Two I/O pins can generate 16 different voltage levels using 4 external resistors:
This may work. I will study it.
My solution is simply an update of what I did previously; in case of 1 pin and 4 levels.
I added two more resistors between the two pins. Their common node is the new output.
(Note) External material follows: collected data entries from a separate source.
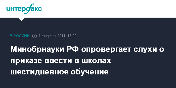 Москва. 7 февраля. INTERFAX.RU - Министерство образования и науки РФ не издавало каких-либо распоряжений, связанных с введением обязательного обучения школьников по субботам.
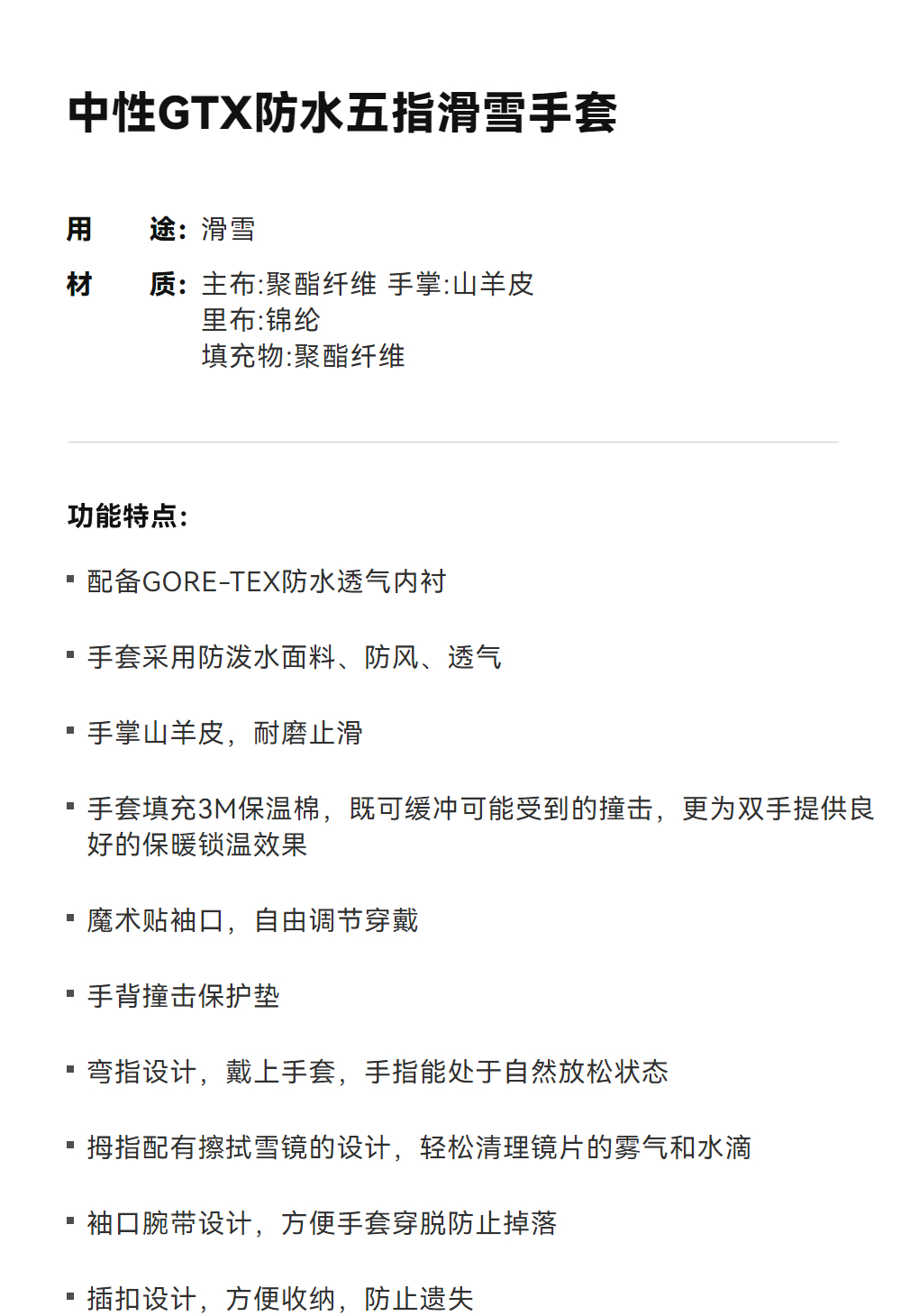 KAILAS凯乐石 户外运动 中性GTX防水五指滑雪手套 KM2462001【Z】
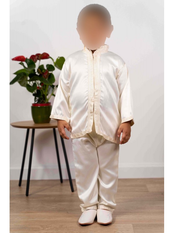 Jabador child 2 pieces - Off-white child circumcision outfit with cream embroidery
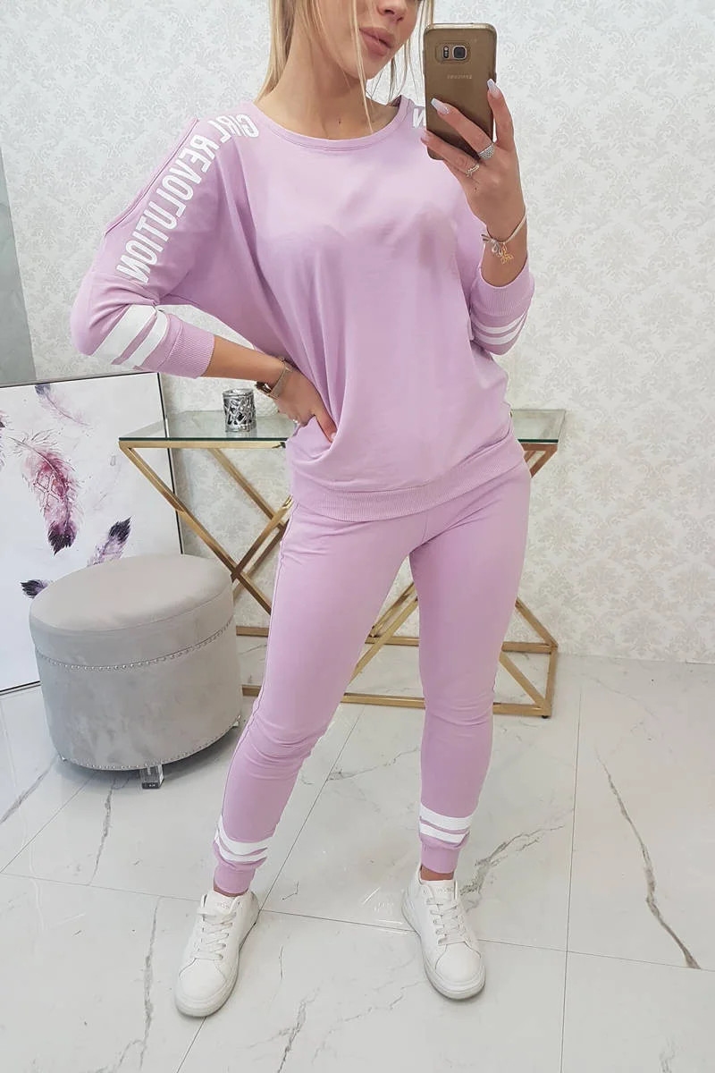 Představujeme vám sadu mikiny a kalhot s nápisem Girl Revolution. Sada je vyrobena z vysoce kvalitního materiálu. Velikost je univerzální a vyhovuje dámám velikosti S, M nebo L.
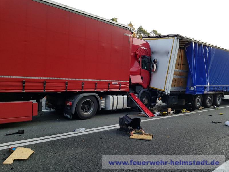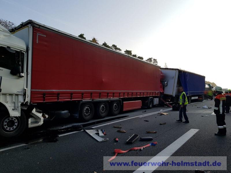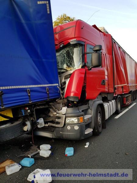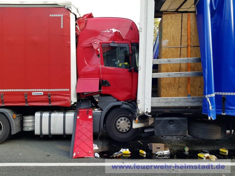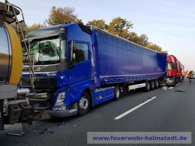 Nach einem Auffahrunfall mit 4 beteiligten LKW wurde die Einsatzstelle abgesichert. Die Reinigung der Fahrbahn wurde von einer Fachfirma übernommen.
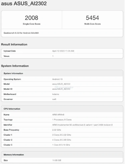 4 月 13 日消息,據 gsmarena 報道,華碩旗下一款型號為“ASUS_AI2302”的機型近日現身 Geekbench 數據庫,預計為華碩 Zenfone 10 手機。
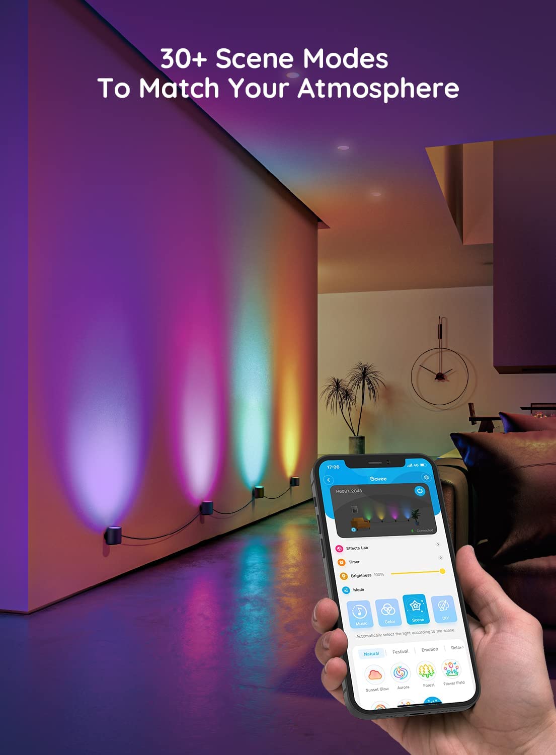 Với ứng dụng Govee Home, bạn có thể tùy chỉnh đèn cố định của mình với bất kỳ màu sắc và hiệu ứng. Chọn một trong số hơn 30 chế độ ánh sáng có sẵn để tạo hiệu ứng tâm trạng cho bất kỳ bữa tiệc.
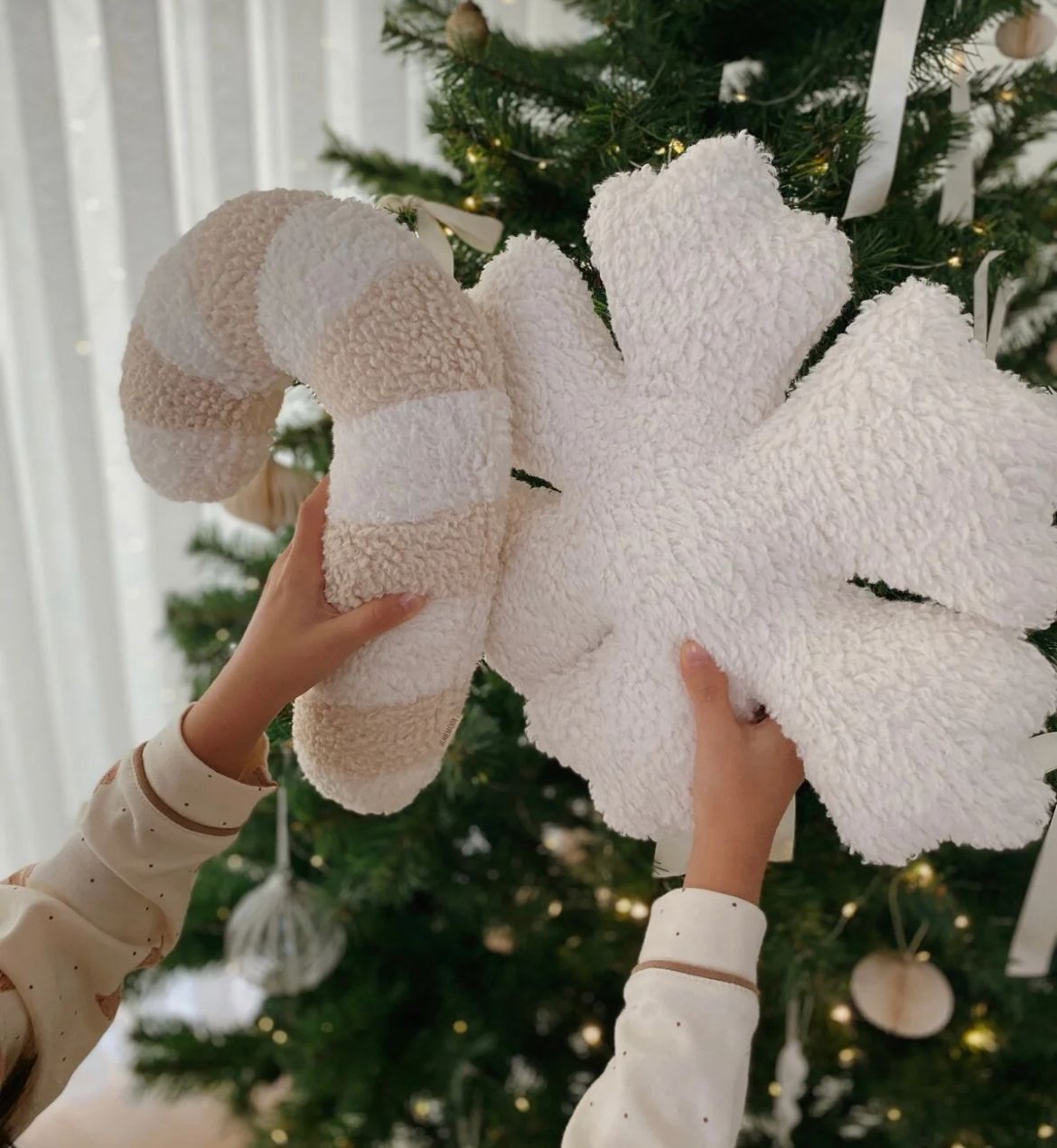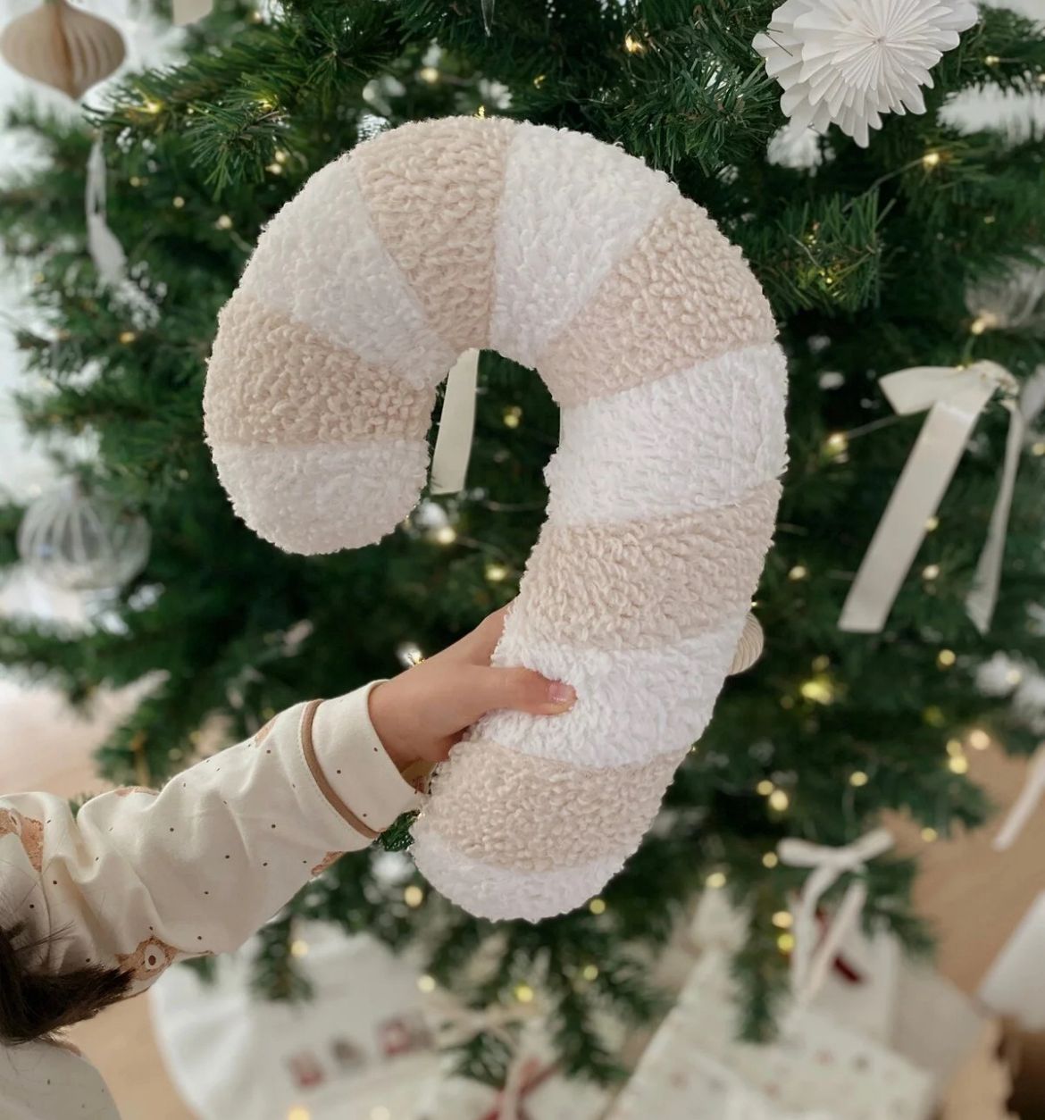 The candy cane pillow, made of teddy fabric and attracting attention with its soft texture, is a great complement to your Christmas decoration.

Assuming the internal pull-up resistance is 37K5 and R_hi on each pin is 120K (pin to Vcc), also R_lo on each pin is 56K (pin to ground), the optimum values of the added two resistors are close to 15K and 41K2 (39K+2K2). For these values, I got the table below:
| DDR1 | PORT1 | DDR2 | PORT2 | Outs(V) | Steps(V) | |
| 1 | 0 | 1 | 0 | 0 | 0.000 | |
| 1 | 0 | 0 | 0 | 1 | 0.327 | 0.327 |
| 1 | 0 | 0 | 1 | 2 | 0.730 | 0.403 |
| 0 | 0 | 1 | 0 | 3 | 0.909 | 0.179 |
| 1 | 0 | 1 | 1 | 4 | 1.323 | 0.414 |
| 0 | 0 | 0 | 0 | 5 | 1.591 | 0.268 |
| 0 | 1 | 1 | 0 | 6 | 2.027 | 0.436 |
| 0 | 0 | 0 | 1 | 7 | 2.229 | 0.202 |
| 0 | 1 | 0 | 0 | 8 | 2.773 | 0.544 |
| 0 | 0 | 1 | 1 | 9 | 3.052 | 0.279 |
| 0 | 1 | 0 | 1 | 10 | 3.311 | 0.259 |
| 1 | 1 | 1 | 0 | 11 | 3.677 | 0.366 |
| 0 | 1 | 1 | 1 | 12 | 3.966 | 0.289 |
| 1 | 1 | 0 | 0 | 13 | 4.299 | 0.333 |
| 1 | 1 | 0 | 1 | 14 | 4.628 | 0.329 |
| 1 | 1 | 1 | 1 | 15 | 5.000 | 0.372 |
I am afraid that the configuration, presented above (#4 and #5) that uses 4 resistors only, outputs levels far from the ideal ones; narrower range and, therefore, smaller steps.
Using two pins you can generate 65536 different levels.
Using two pins you can generate 65536 different levels.
You are right. And this could be done even by using one pin
What about speed?
As you know, there is a trade-off between resolution and speed in this case.